=== EXERCISE DATA ===
=-=-=-=-=

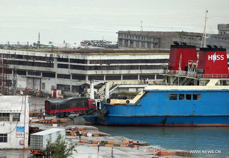 Vehicles wait to board a ship at the Haikou Port in Haikou, capital of south China's Hainan Province, Sept. 17, 2014. Shipping on the Qiongzhou Strait has been resumed one day after typhoon Kalmaegi landed in the island province on Tuesday morning. (Xinhua/He Zhicheng)
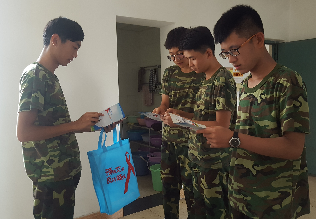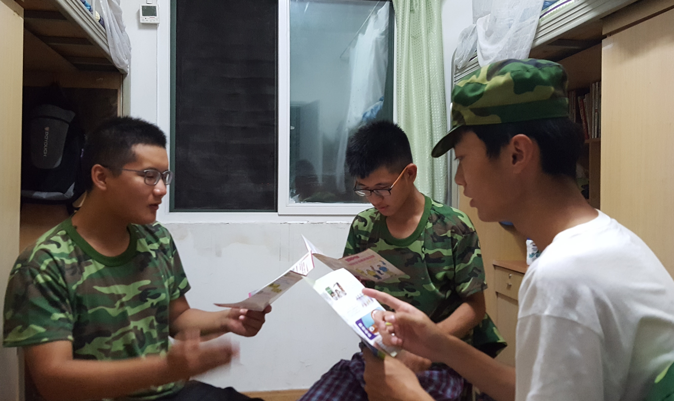 本次活动利用军训休息时间在电子信息男生围合展开,志愿者们于下午3点45在天井集合。负责人对志愿者工作进行安排,并告知了一些注意事项,之后志愿者们分工合作。4名志愿者负责在围合发放来自‘成都市疾病预防控制中心’的艾滋病相关知识宣传手册,手册中包含艾滋病的基本知识,传播途径和如何预防艾滋病。 晚上军事训练结束后,志愿者晚上十点在围合天井集合,后进入同学的大寝室内,为同学们佩戴上队员制作的红丝带,利用同学的休息时间在寝室客厅开展艾滋病知识宣传活动,调动各寝室的同学参与如何预防艾滋的讨论,同时讨论如何正确对待患有艾滋病的人群,让同学们对艾滋病有更深入的了解。活动到晚上十一点时结束,志愿者们回到各自寝室。
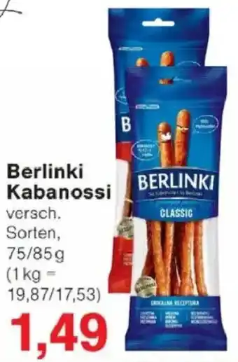 Das Angebot ist in verschiedenen Geschäften erhältlich. Schauen Sie sich alle Produkte an, um das günstigste Berlinki Kabanossi zu ergattern. Wenn Sie gerne nachschauen möchten, ob der Artikel woanders noch günstiger ist, werfen Sie einen Blick auf die Kategorie 'Kaufhäuser'. Möglicherweise sind diese Angebote auch interessant für Sie: Snack it kabanossi oder kabanossi high protein, K-CLASSIC Snack Salami oder Mini Kabanossi & K-CLASSIC Snack-Salami oder Mini-Kabanossi.
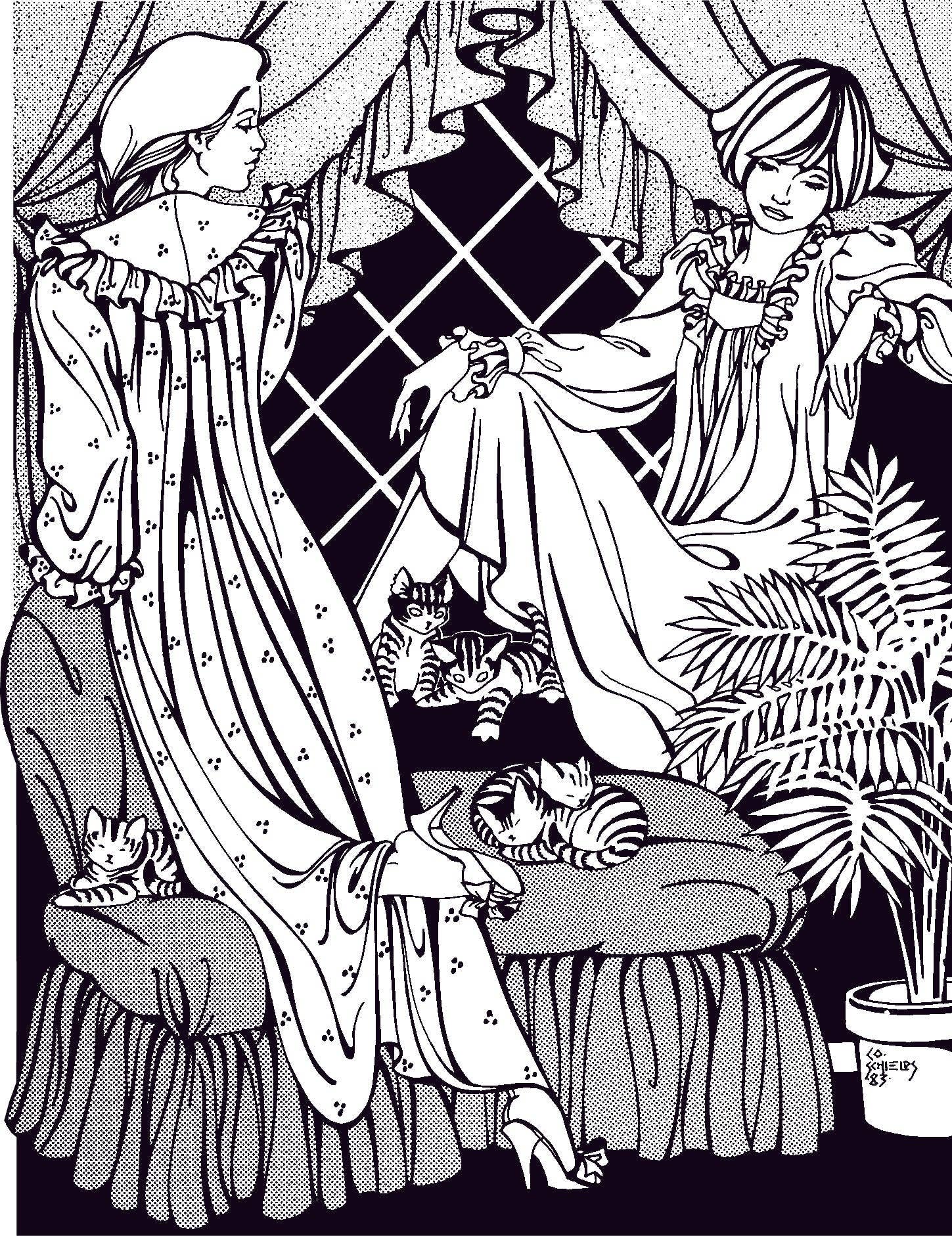View A has a ruffled neckline and is cut just below the knee. View B features a wide triangular ruffled collar and the traditional ankle-length.
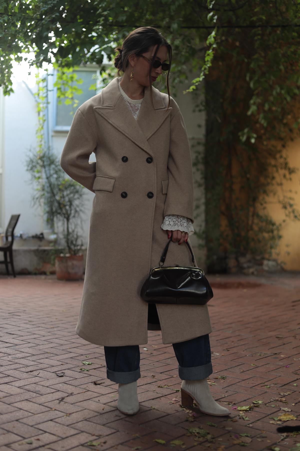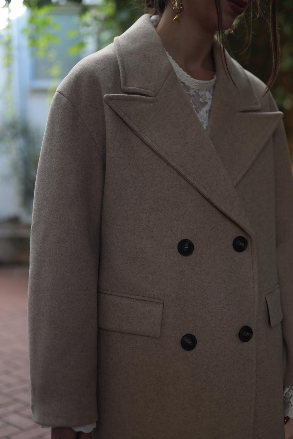 Krem Rengi Düğmeli Keçe Kaban (KKBN-CMN-003-PO-KR-34)
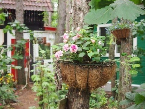 ウッドデッキから通路(エゾリス君の散歩道)沿いの花壇
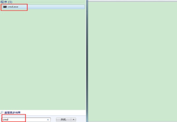打开“开始”菜单,输入“cmd”,打开命令提示符窗口:
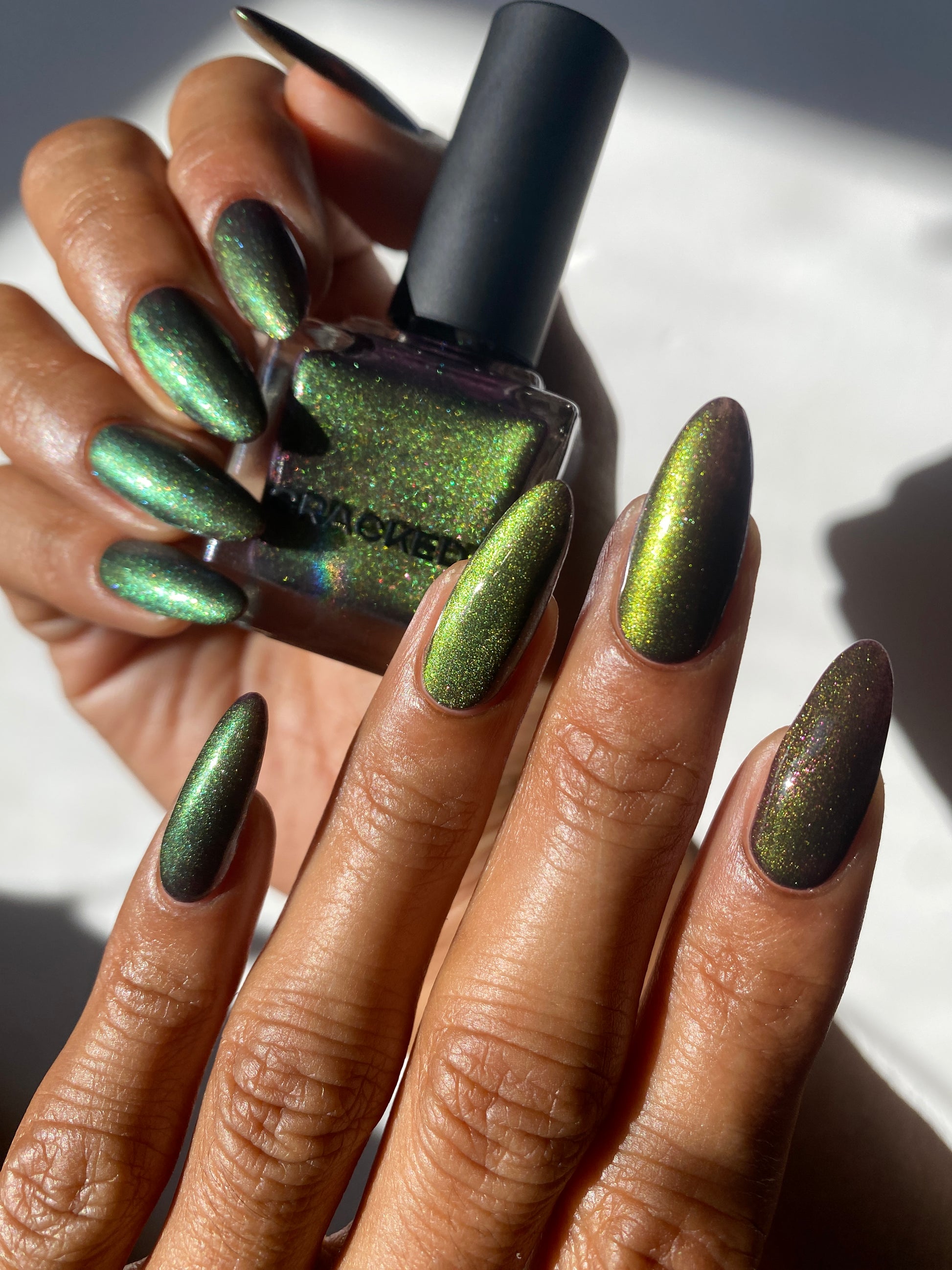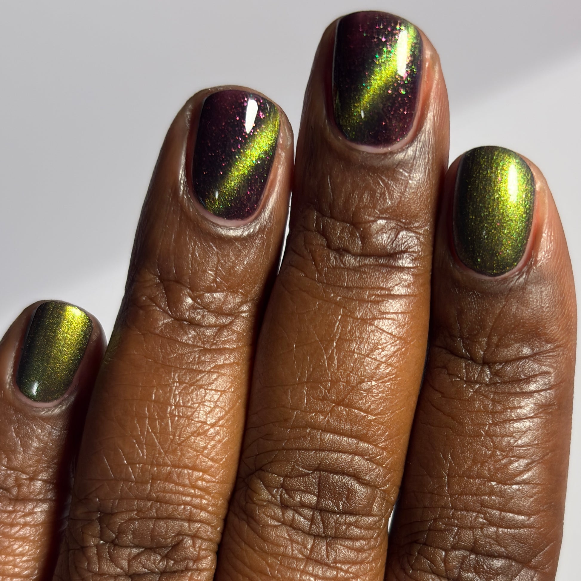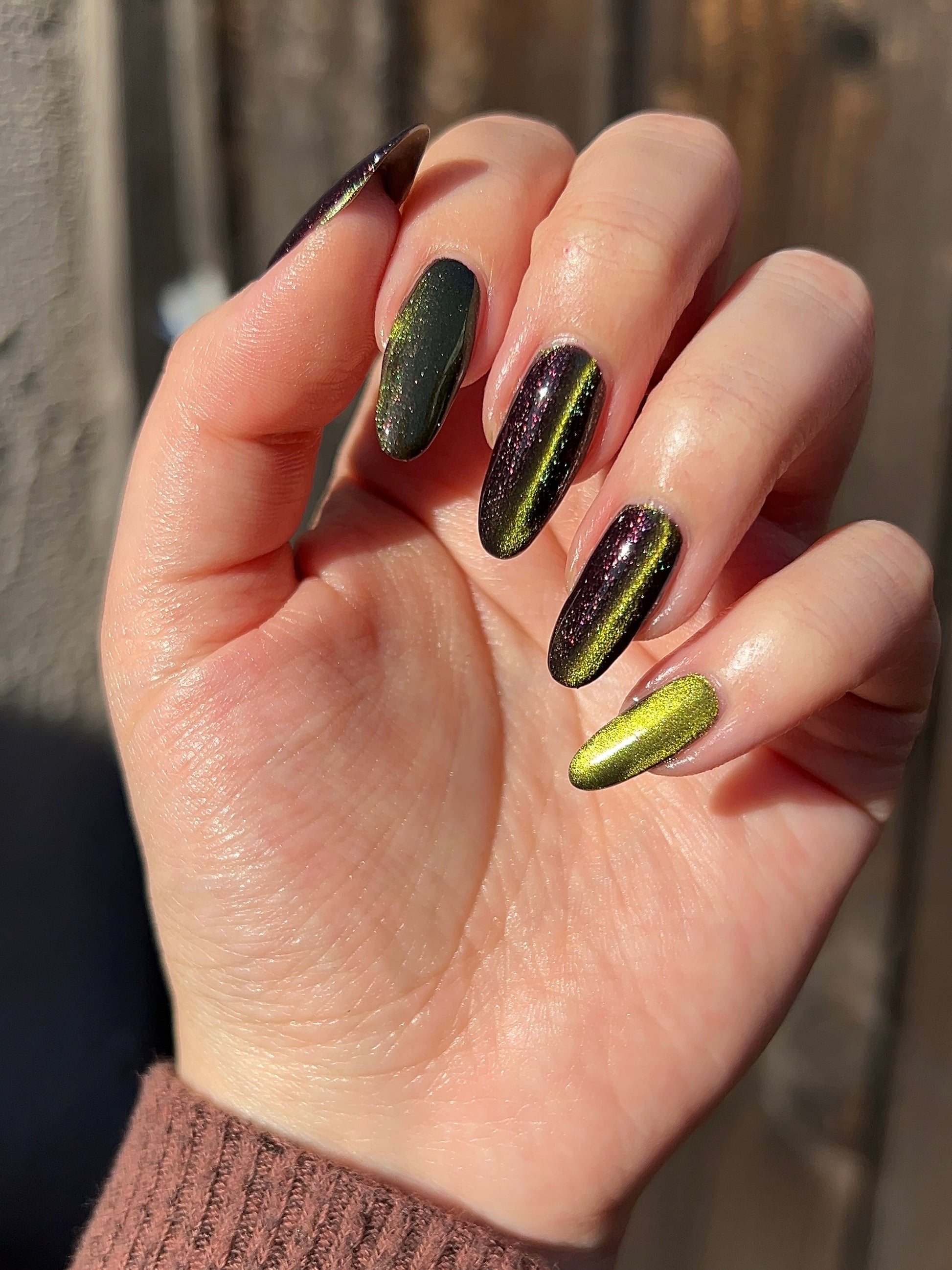 Gherkin is a purple with muddy green magnetic pigments and flecks of pink shimmers. This isn't your average green! It's meant to be seen!
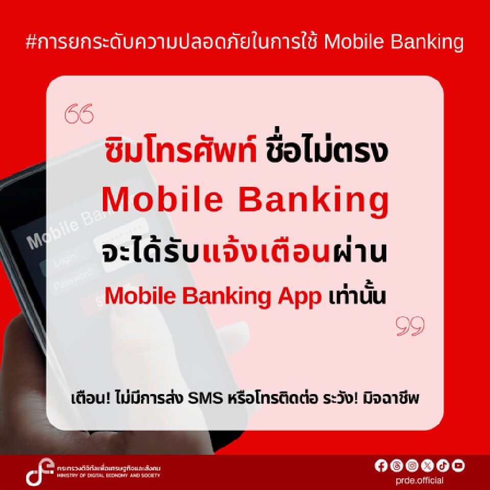 ดีอี ย้ำ มาตรการ “Mobile Banking” แจ้งเตือนปชช. ผ่าน แอปฯ ธนาคาร เท่านั้น
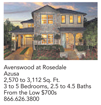 Avenswood at Rosedale Azusa 2,570 to 3,112 Sq. Ft. 3to5Bedrooms, 2.5 to 4.5 Baths From the Low $700s 866.626.3800
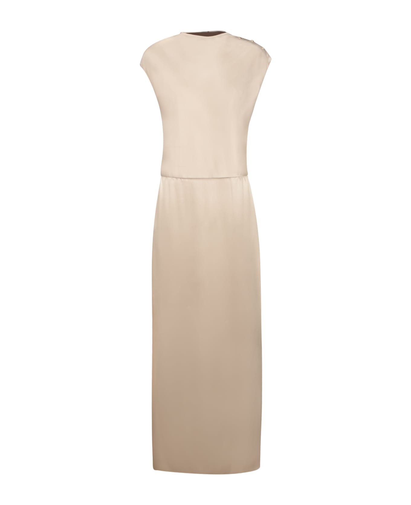 This Giorgio Armani long dress captures essential elegance with its clean design and delicate powder hue, perfect for formal events or elegant evenings.
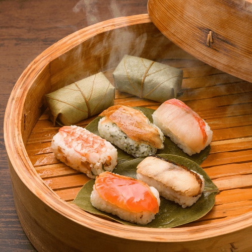 奈良名産・柿の葉寿司を冷凍でお届け。レンジでチンの簡単調理。
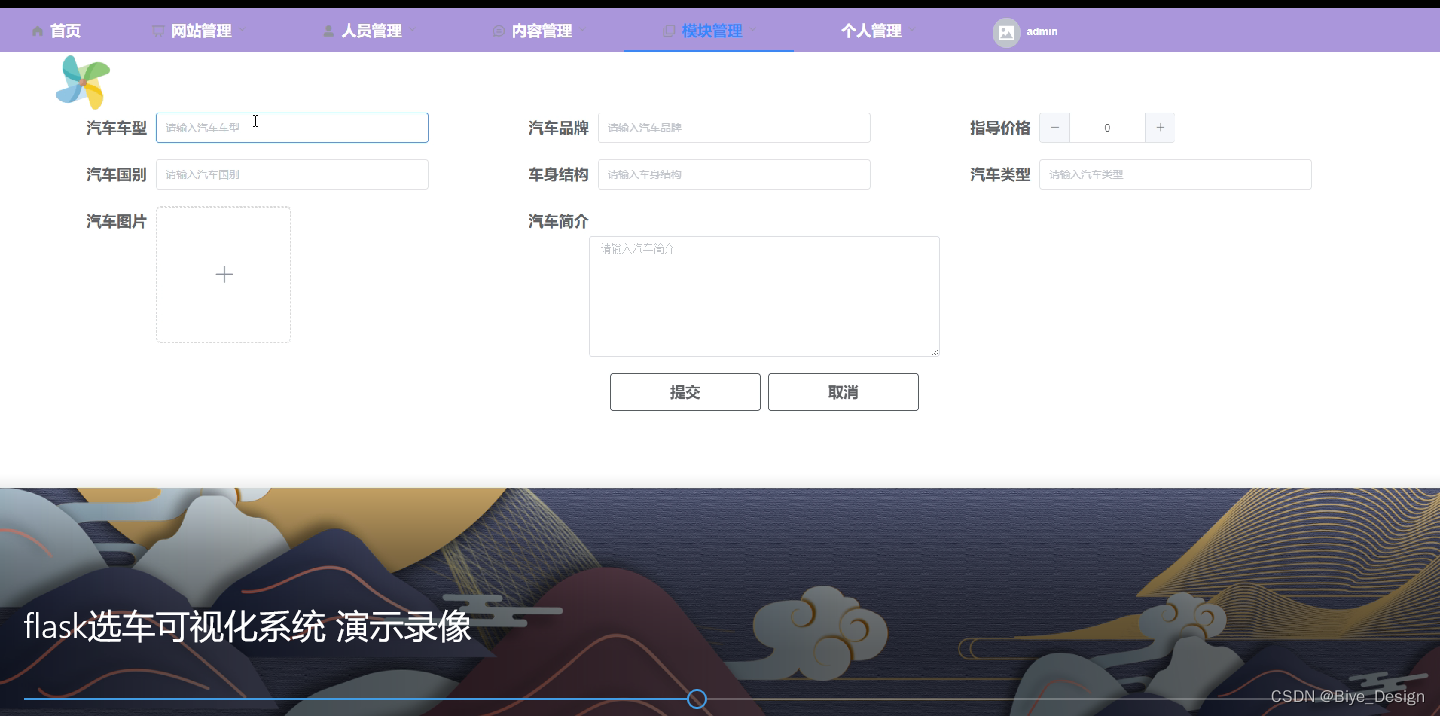 后台首页,网站管理(轮播图,通知公告),人员管理(普通用户、管理员),内容管理(汽车资讯、资讯分类),模块管理(销量数据、汽车信息、品牌销量、车型销量、价格走势、价位销量),个人管理等功能模块。

=-=-=-=-=

The response is to contain exactly the lines from the beginning of the data through the line containing "本次活动利用军训休息时间在电", both ends included, and nothing else; omit the pictures.

 Vehicles wait to board a ship at the Haikou Port in Haikou, capital of south China's Hainan Province, Sept. 17, 2014. Shipping on the Qiongzhou Strait has been resumed one day after typhoon Kalmaegi landed in the island province on Tuesday morning. (Xinhua/He Zhicheng)
 本次活动利用军训休息时间在电子信息男生围合展开,志愿者们于下午3点45在天井集合。负责人对志愿者工作进行安排,并告知了一些注意事项,之后志愿者们分工合作。4名志愿者负责在围合发放来自‘成都市疾病预防控制中心’的艾滋病相关知识宣传手册,手册中包含艾滋病的基本知识,传播途径和如何预防艾滋病。 晚上军事训练结束后,志愿者晚上十点在围合天井集合,后进入同学的大寝室内,为同学们佩戴上队员制作的红丝带,利用同学的休息时间在寝室客厅开展艾滋病知识宣传活动,调动各寝室的同学参与如何预防艾滋的讨论,同时讨论如何正确对待患有艾滋病的人群,让同学们对艾滋病有更深入的了解。活动到晚上十一点时结束,志愿者们回到各自寝室。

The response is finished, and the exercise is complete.